Finding tangent angle

Question

Finding the tangent angle between the negative $x$-axis and the parabola $$y=-ax^2+bx$$($a,b>0$) at $(x_0,y_0)$ : I am trying to find the tangent angle with negative $x $ axis for a parabolic curve. I assume the equation of tangent line will be $$y=mx+C$$ and the equation for the parabola $$y=-a{x^2}+bx$$ So,$$-a{x^2}+bx-mx-C=0$$ Again $${y_0}=m{x_0}+C$$ We obtain $$a{x^2}+(m-b)x+{y_0}-m{x_0}=0$$ So if this tangent line is to be the desired tangent, then this $x$ has to be unique. That is, $$(m-b)^2-4(y_0-mx_0)a=0$$ Then $m$ has two values.
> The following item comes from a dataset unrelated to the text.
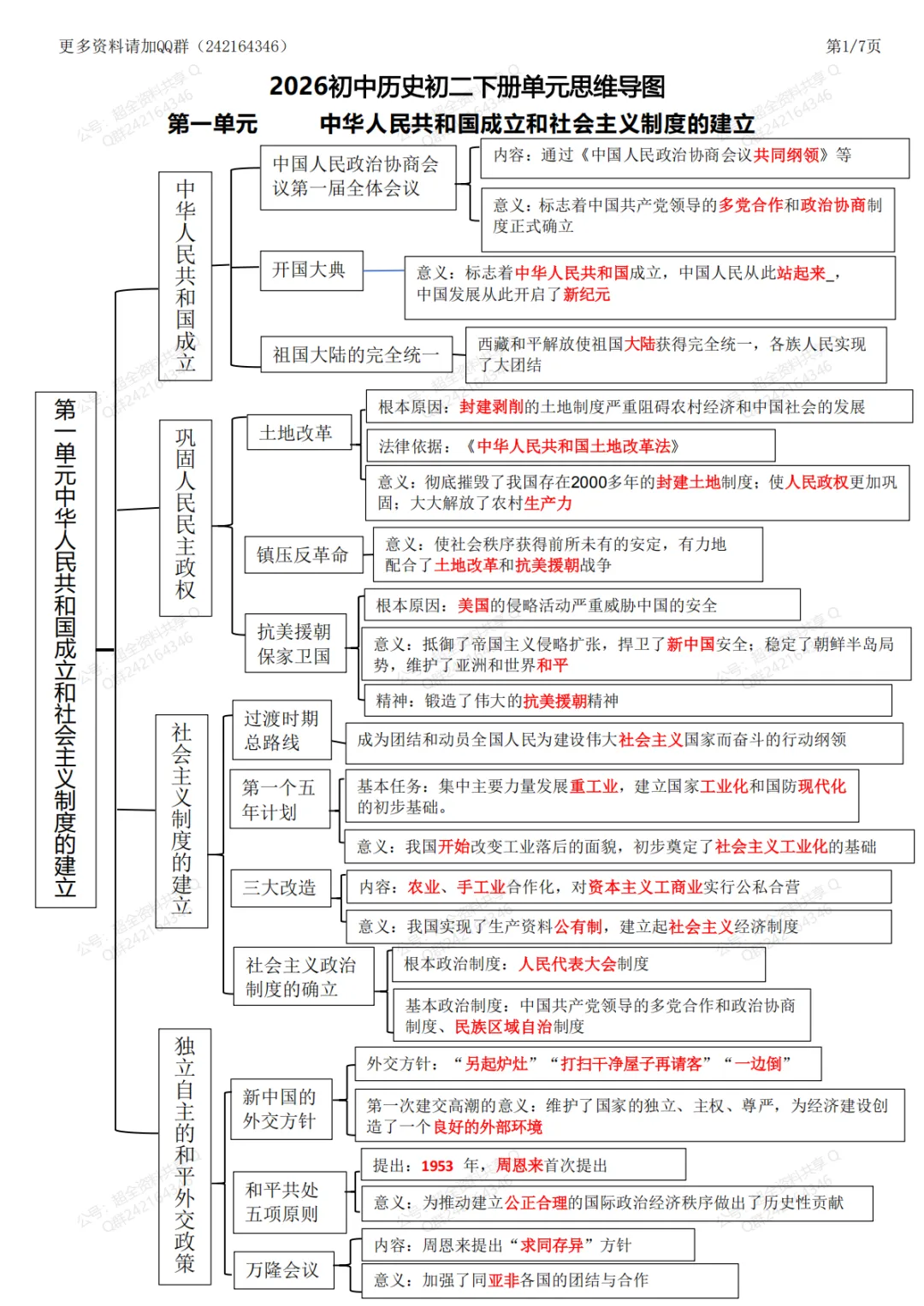 267.2026新人教版初二下册历史全册各单元知识点总结(pdf分享)

So it seems to me complicated what $m$ I have to choose.Now what can I do?

Answer 1

If you take into account that $(x_0,y_0)$ is on the parabola, the last equation in $m$ can be rewritten in the following way: \begin{align} (m-b)^2-4&\bigl(-ax_0^2+(b-m)x_0\bigr)a=m^2-2mb+b^2+4a^2x_0^2-4abx_0+4ax_0m \\ &=m^2+2(2ax_0-b)m+\underbrace{b^2+4a^2x_0^2-4abx_0}_{\textstyle(2ax_0-b)^2}\\[-1ex] &=\bigl(m+(2ax_0-b)\bigr)^2, \end{align} so that the last equation has a double root (in $m$), and you don't have to choose.